TASK OBJECTIVE =
A verbatim copy of the listing is needed; pictures are to be left out.

DATASET EXCERPT =
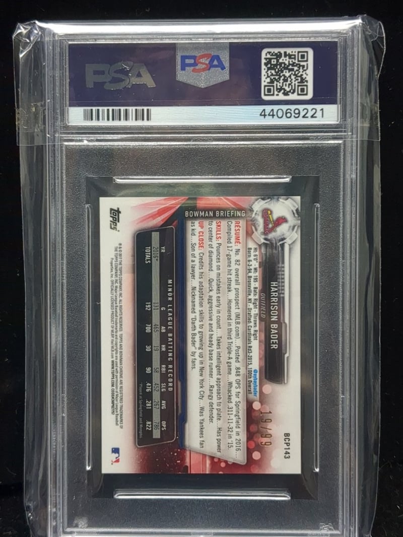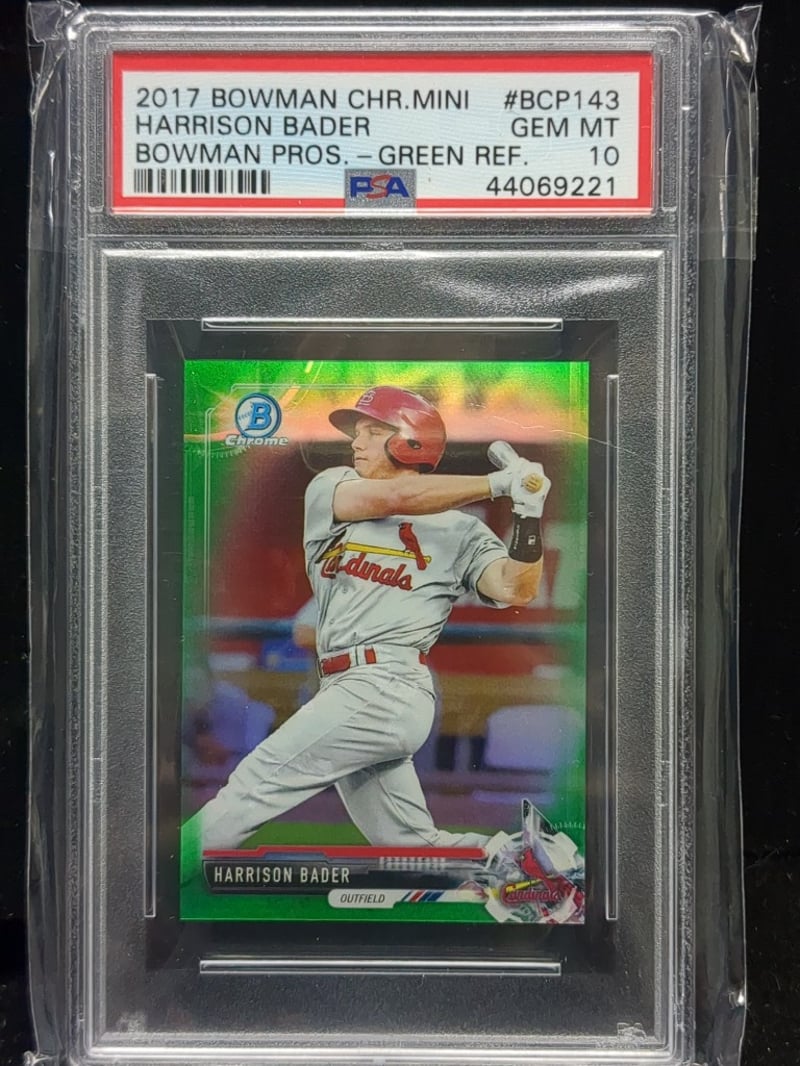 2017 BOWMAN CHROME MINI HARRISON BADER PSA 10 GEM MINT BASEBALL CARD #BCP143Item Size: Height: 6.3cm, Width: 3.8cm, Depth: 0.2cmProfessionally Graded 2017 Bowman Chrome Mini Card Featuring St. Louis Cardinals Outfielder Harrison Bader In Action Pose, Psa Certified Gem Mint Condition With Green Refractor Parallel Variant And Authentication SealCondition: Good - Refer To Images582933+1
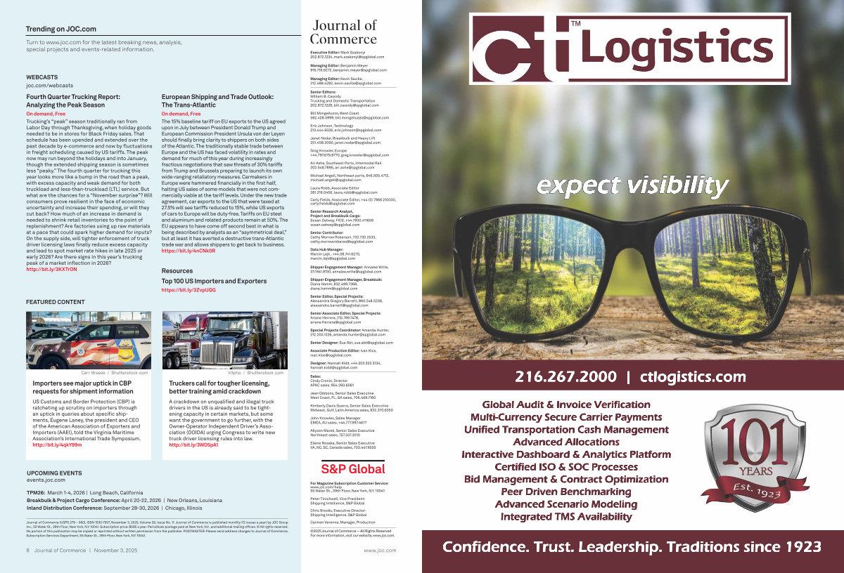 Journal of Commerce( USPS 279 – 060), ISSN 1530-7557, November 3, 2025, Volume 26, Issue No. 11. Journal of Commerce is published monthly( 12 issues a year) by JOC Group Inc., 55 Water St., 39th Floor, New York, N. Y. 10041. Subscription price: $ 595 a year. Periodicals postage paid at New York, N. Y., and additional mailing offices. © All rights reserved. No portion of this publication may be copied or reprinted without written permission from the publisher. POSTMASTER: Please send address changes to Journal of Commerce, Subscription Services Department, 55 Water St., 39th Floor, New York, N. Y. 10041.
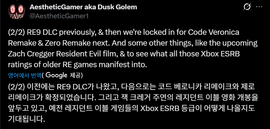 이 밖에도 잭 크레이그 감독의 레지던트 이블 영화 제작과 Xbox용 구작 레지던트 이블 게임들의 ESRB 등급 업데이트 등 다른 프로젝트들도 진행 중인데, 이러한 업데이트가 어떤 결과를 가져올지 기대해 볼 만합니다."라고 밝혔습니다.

REPLY =
 2017 BOWMAN CHROME MINI HARRISON BADER PSA 10 GEM MINT BASEBALL CARD #BCP143Item Size: Height: 6.3cm, Width: 3.8cm, Depth: 0.2cmProfessionally Graded 2017 Bowman Chrome Mini Card Featuring St. Louis Cardinals Outfielder Harrison Bader In Action Pose, Psa Certified Gem Mint Condition With Green Refractor Parallel Variant And Authentication SealCondition: Good - Refer To Images582933+1
 Journal of Commerce( USPS 279 – 060), ISSN 1530-7557, November 3, 2025, Volume 26, Issue No. 11. Journal of Commerce is published monthly( 12 issues a year) by JOC Group Inc., 55 Water St., 39th Floor, New York, N. Y. 10041. Subscription price: $ 595 a year. Periodicals postage paid at New York, N. Y., and additional mailing offices. © All rights reserved. No portion of this publication may be copied or reprinted without written permission from the publisher. POSTMASTER: Please send address changes to Journal of Commerce, Subscription Services Department, 55 Water St., 39th Floor, New York, N. Y. 10041.
 이 밖에도 잭 크레이그 감독의 레지던트 이블 영화 제작과 Xbox용 구작 레지던트 이블 게임들의 ESRB 등급 업데이트 등 다른 프로젝트들도 진행 중인데, 이러한 업데이트가 어떤 결과를 가져올지 기대해 볼 만합니다."라고 밝혔습니다.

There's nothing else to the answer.